Леонтьич полез рукой в карман пиджака, достал бумажку-извещение, достал справки на лошадей, отдельную справку на жеребенка и, наконец, вытащил на свет и справку о том, что он, Юдин Петр Леонтьевич с такого-то и по такое-то находился в рядах 7-го полка "Красные орлы", а с декабря по апрель - был мобилизован на обслуживание Красной армии в г. Барнауле. Председатель сельсовета прочитал, покрутил справку и так и этак. Протянул обратно.
- А хлеб завтра же вывези.
- Где я возьму столь хлеба? Ты что, с ума спятил - шестьдесят пудов! Это три хороших воза, пароконных, - уже прибавил он, будто Дочкин не знает, сколько на хороший воз укладывается мешков.
- А хоть пять. Чтоб завтра хлеб был. Понял? Я с тобой долго разговаривать не буду. Каждого уговаривай.

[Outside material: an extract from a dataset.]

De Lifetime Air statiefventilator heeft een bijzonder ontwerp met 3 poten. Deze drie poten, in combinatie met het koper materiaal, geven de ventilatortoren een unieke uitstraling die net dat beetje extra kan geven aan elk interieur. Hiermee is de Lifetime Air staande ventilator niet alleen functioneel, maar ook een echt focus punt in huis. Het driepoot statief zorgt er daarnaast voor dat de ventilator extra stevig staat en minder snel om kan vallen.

- Это как же так получается: кто дома сидел, не воевал и в мобилизованных работах не был - с него столько же. И с меня, взять к примеру, столько же. А я вместе с дочерью воевал, новую власть завоевывал. Как это понимать?
- Ты власть завоевывал, ты и должен ей помогать. Кто же поможет, Хворостов, что ли? Он против этой власти воевал. Его сынок-то в колчаках ходил. Там и сгинул. А вот давай раскошеливайся, помогай своей власти.

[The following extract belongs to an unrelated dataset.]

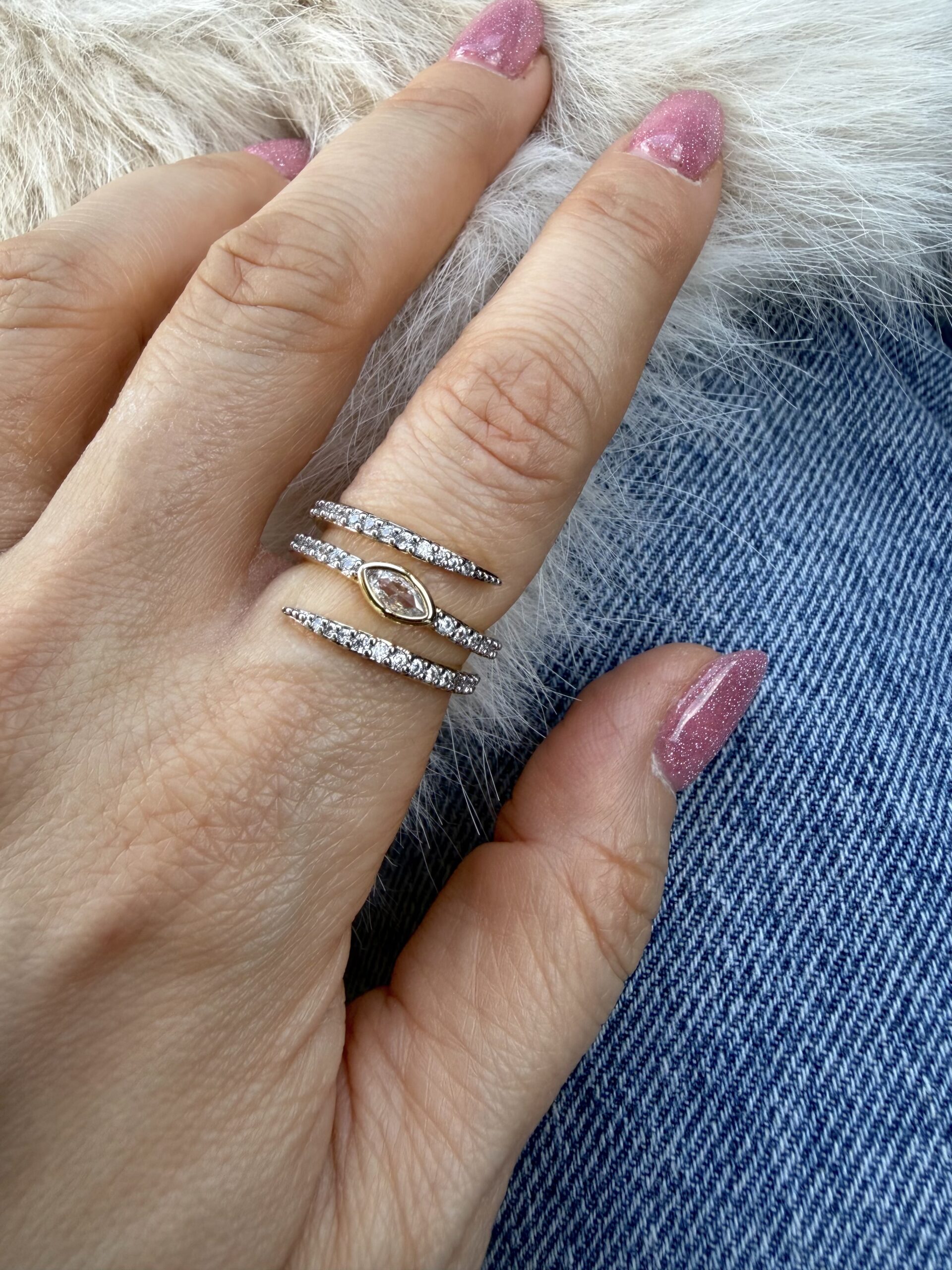 3 Sıra Taş Ortası Damla Yasarım Ayarlı Yüzük

- Не-е. Так не пойдет - все с одного и с одного. Ты уж извиняй, Петра Степанович, но это супротив совести. Я ж воевал с первого почти дня.
- Все воевали, не ты один.
- Не все. Ты вот не воевал. Тут просидел. А меня сам Коляда в гилевском бою винтовкой наградил…

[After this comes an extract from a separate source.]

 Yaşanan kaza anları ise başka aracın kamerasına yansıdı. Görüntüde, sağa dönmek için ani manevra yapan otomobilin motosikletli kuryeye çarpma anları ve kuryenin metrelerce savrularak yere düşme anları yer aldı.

- Я не воевал - меня избрали, народ избрал…
2
С улицы донесся звон колокольчика. Председатель встрепенулся, навострил уши - почте вроде рано. Она к вечеру приходит из города - два дня скачет. Конский топот и звон колокольцев оборвались у крыльца. Потом послышался скрип половиц на крыльце - несмотря на сырость, громыхают плахи, некому забить гвоздя, дом общий, государственный, кому он нужен! В комнату ввалился уполномоченный - в документы не надо к нему заглядывать, и так видно, что уполномоченный. В брезентовом дождевике, в кожаной фуражке со звездой. Что-то знакомое Леонтьичу было в его курносом мясистом лице. Где-то он это лицо видел. Председатель стоял посреди комнаты, опустив руки по швам, молча смотрел на приехавшее начальство. Тот сбросил дождевик. Остался в одной кожаной блестящей тужурке. С кобурой на боку.
- Кто из вас председатель Совета Дочкин? Вы? - он повернулся к безмолвствующему председателю. - Я, уполномоченный волревкома Кульгузкин. Вот мой мандат. - Он протянул сложенный вчетверо лист, на котором синело несколько кругляшков печатей. Видать, не в первый сельский Совет заехал. - Я по вопросу продразверстки. Не выполнили вы, товарищи, задание губревкома. Не выполнили. Это позор. Вот я и приехал организовать у вас вывоз хлеба. Со мной два товарища из чека. Они быстро наведут у вас порядок. К злостным будут приняты самые, самые суровые меры, вплоть даже до применения приказа губревкома № 37 от восьмого февраля - вплоть до расстрела на месте. Таково указание губкома партии. Положение с хлебом в стране очень и очень плохое. Приказано все меры принять. Не моя одна группа поехала. С хлебом вопрос остро стоит. Губерния должна сдать нонче тридцать один миллион пудов государству! - Он уставился на Леонтьича. Поднял указательный палец. - Тридцать один миллион! - Повернулся опять к председателю Петру Дочкину. - Что мы должны сейчас делать? Слушай меня внимательно… Мы должны…
И тут Леонтьича будто кто ширкнул в бок: так вон это кто! Это же один из судей, приезжавших с племяшом судить Фильку! Не из тех, которые ночевали со Степкой у него, у Леонтьича, а которые судили и засудили Фильку и всех остальных. Этот у его племяша, у Степки и поговорку-то перенял, вишь ты: слушай его внимательно… Леонтьичу вдруг стало как-то не по себе. Заныло под ложечкой от предчувствия беды.
- Мы должны сейчас же, немедленно… Это ваш актив? - кивнул он на Леонтьича.
- Какой там актив! Недоимщик. Пришел вот оправдываться.
- Оправдываться? - Кульгузкин даже удивился: как это, дескать, он посмел еще и оправдываться? - Чтоб сегодня же хлеб был на ссыпном пункте… У вас где ссыпной пункт? - спросил он председателя.
- Церковь закрыли. Оборудовали под ссыпку.
- Много вывозить?
- Шестьдесят пудов, - объяснил председатель. - Ни фунта еще не вывез.
- Ни фунта?!
- Не было меня дома. Только приехал вчера. Не было меня здесь.
- Где был?
- В Красной армии был.
Кульгузкин подозрительно оглядел его. Усомнился.